- YOUR TASK
Only the lines below from the one containing "Gallery quality canvas Framed in solid Oak." through the one containing "HOT ! Gem Stone" belong in the answer, repeated exactly and without pictures.

===== RAW DATA =====

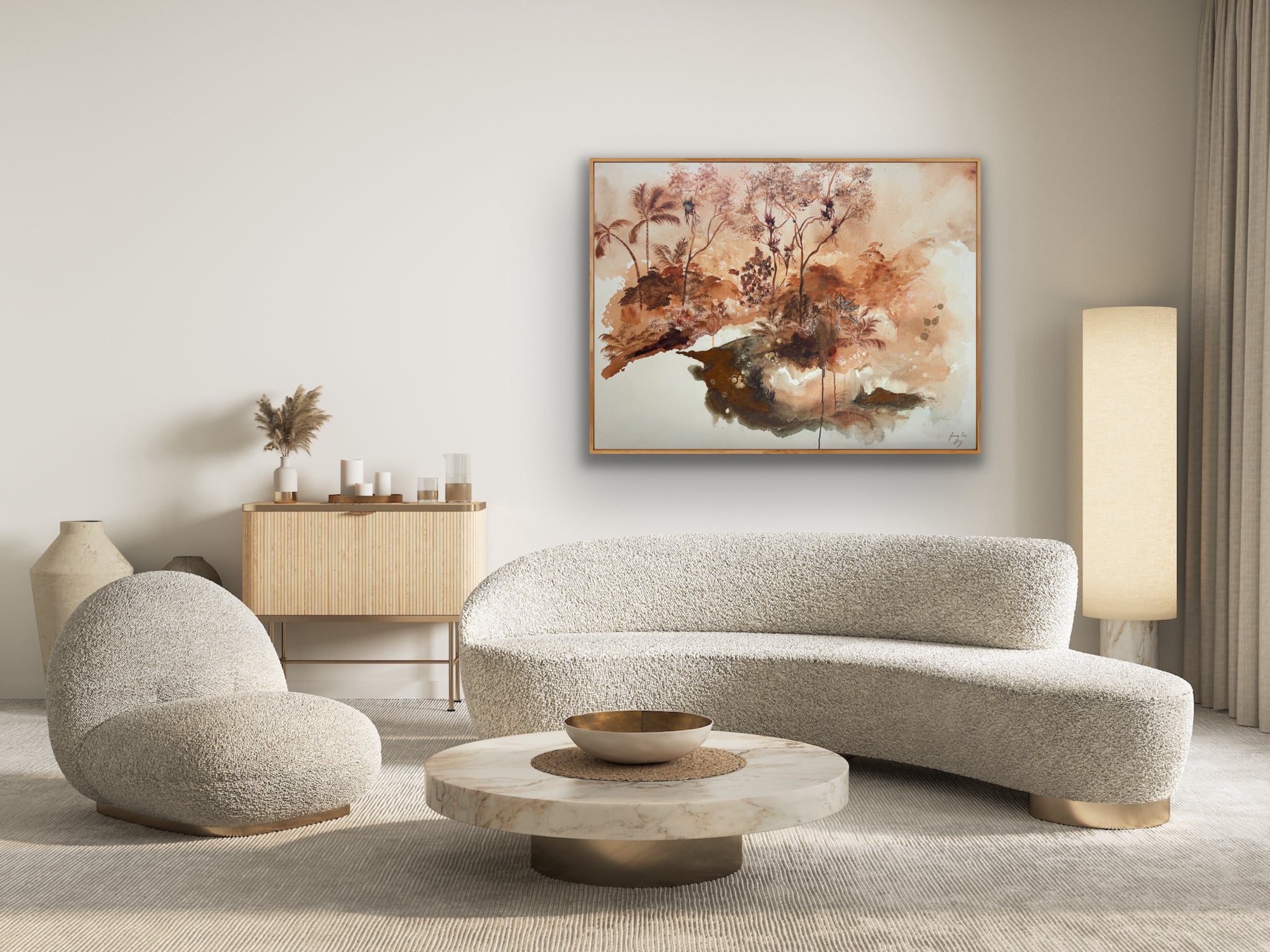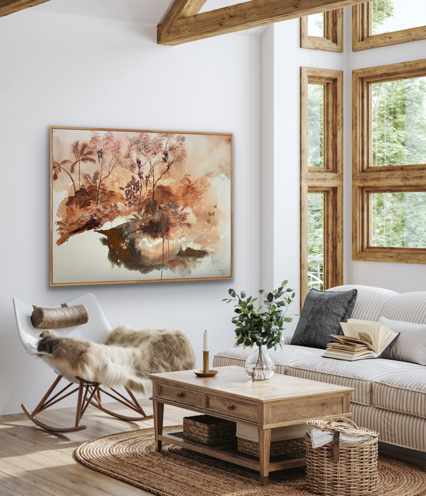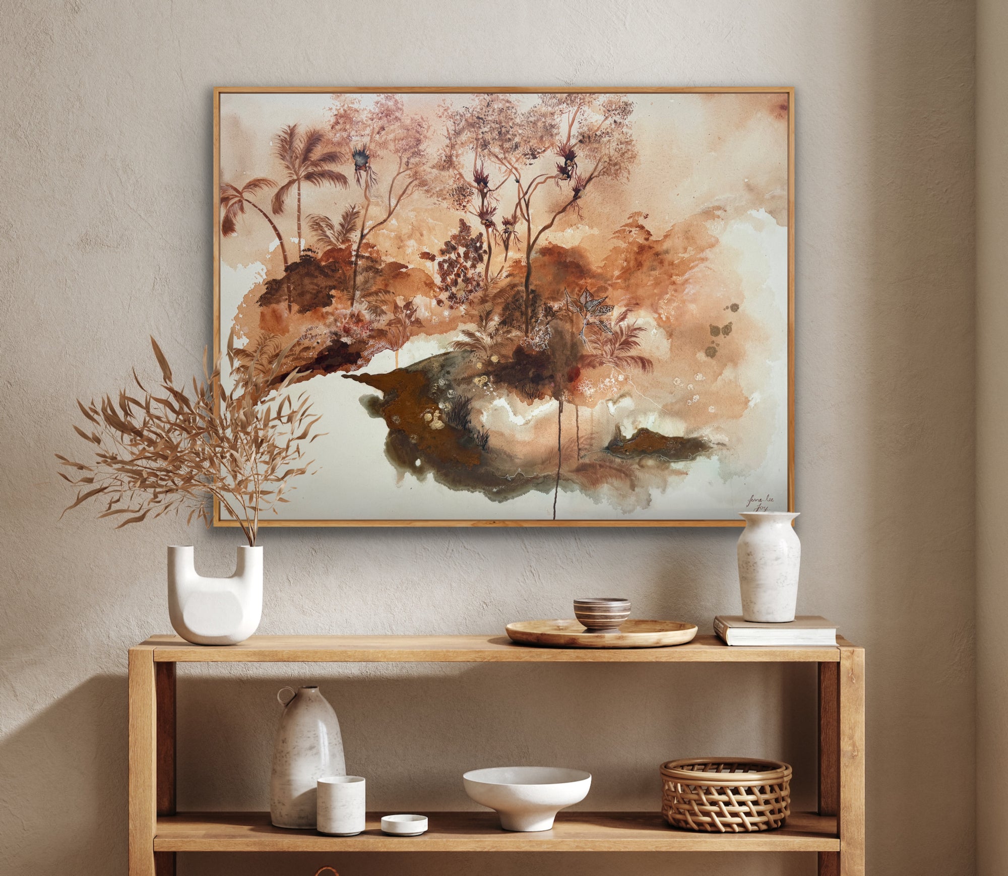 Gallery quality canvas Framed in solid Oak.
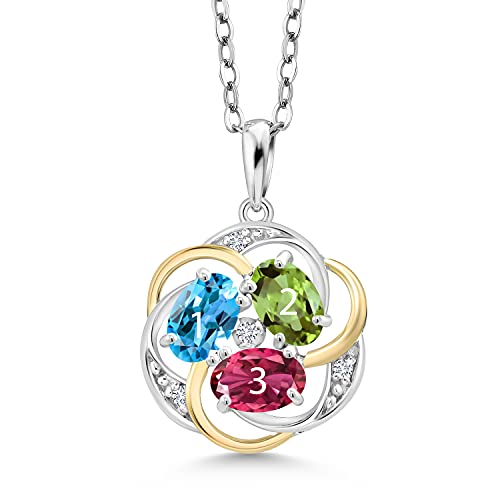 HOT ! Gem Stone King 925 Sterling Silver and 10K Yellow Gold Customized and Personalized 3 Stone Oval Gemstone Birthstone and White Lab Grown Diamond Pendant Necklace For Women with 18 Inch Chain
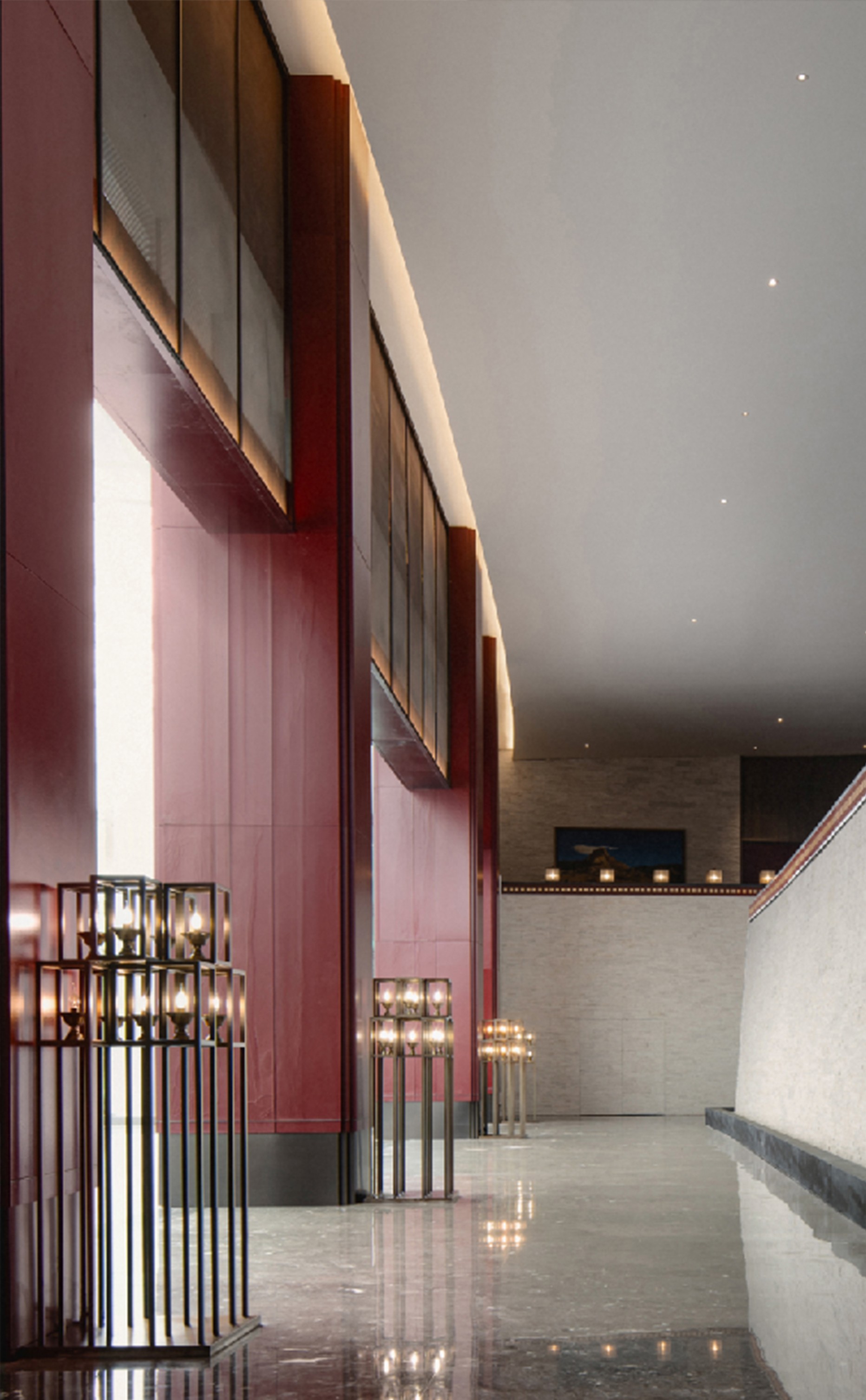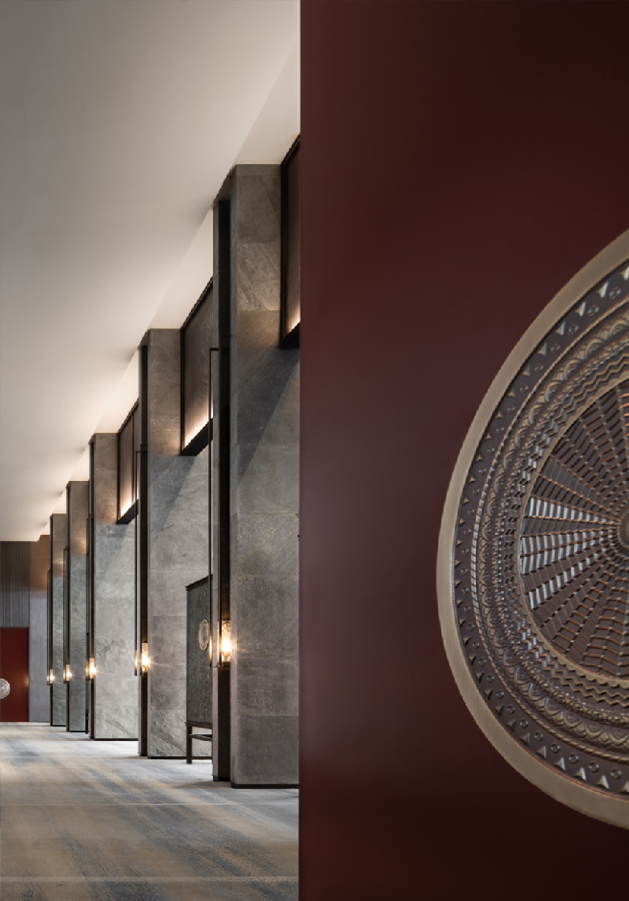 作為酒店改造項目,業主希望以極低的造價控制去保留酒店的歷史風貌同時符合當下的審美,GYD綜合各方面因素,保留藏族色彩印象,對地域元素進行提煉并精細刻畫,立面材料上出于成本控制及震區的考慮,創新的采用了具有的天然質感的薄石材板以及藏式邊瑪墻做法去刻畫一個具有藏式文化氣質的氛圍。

=====
===== RAW DATA =====

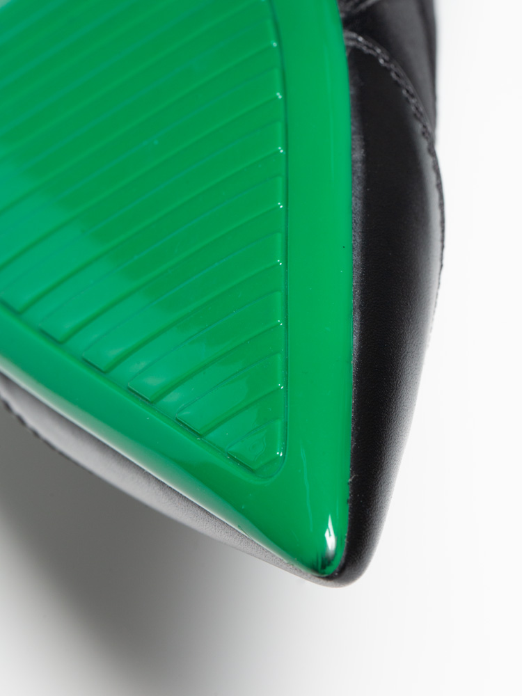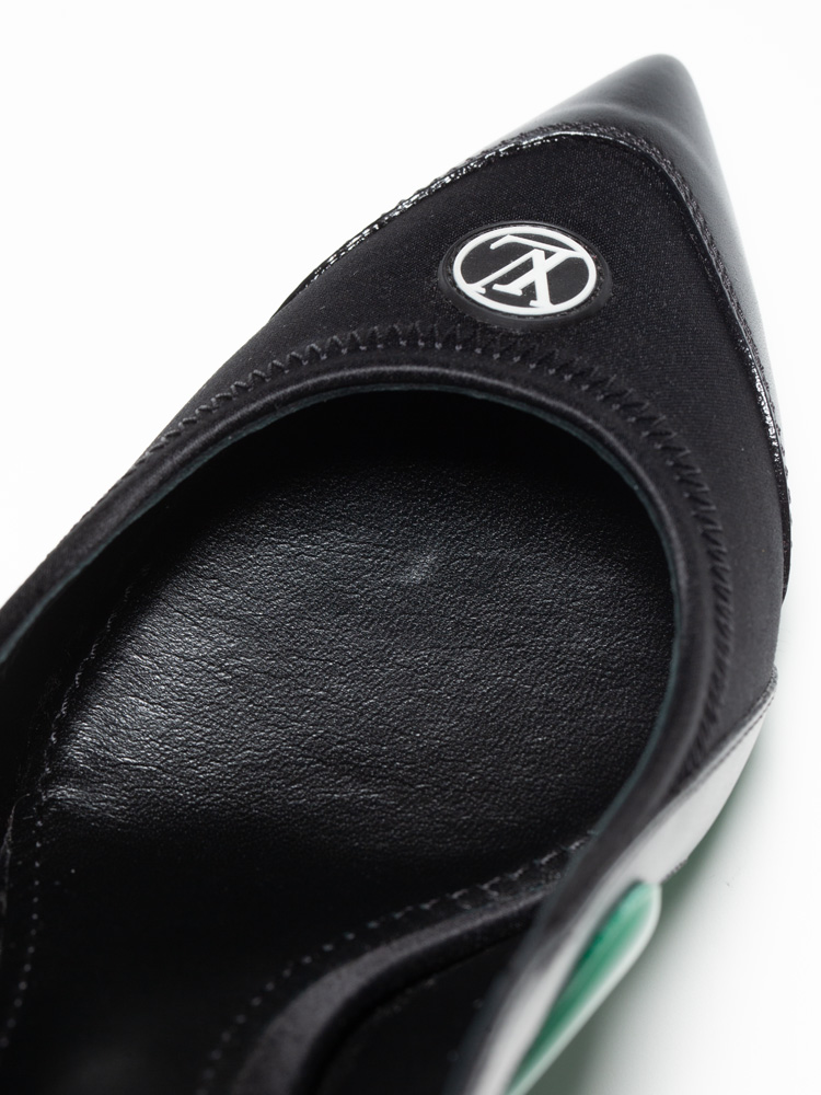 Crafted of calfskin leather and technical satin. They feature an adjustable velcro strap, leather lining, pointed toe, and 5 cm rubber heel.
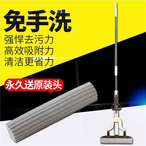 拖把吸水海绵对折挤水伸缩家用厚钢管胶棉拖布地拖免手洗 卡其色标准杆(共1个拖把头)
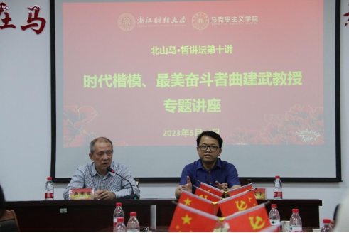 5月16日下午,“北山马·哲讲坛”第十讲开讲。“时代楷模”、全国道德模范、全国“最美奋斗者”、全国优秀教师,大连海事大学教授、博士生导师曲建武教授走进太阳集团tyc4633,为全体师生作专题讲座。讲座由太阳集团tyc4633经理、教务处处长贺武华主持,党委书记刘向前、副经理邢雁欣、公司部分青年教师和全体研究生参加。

=====

- SOLUTION FOR THIS TASK
 Gallery quality canvas Framed in solid Oak.
 HOT ! Gem Stone King 925 Sterling Silver and 10K Yellow Gold Customized and Personalized 3 Stone Oval Gemstone Birthstone and White Lab Grown Diamond Pendant Necklace For Women with 18 Inch Chain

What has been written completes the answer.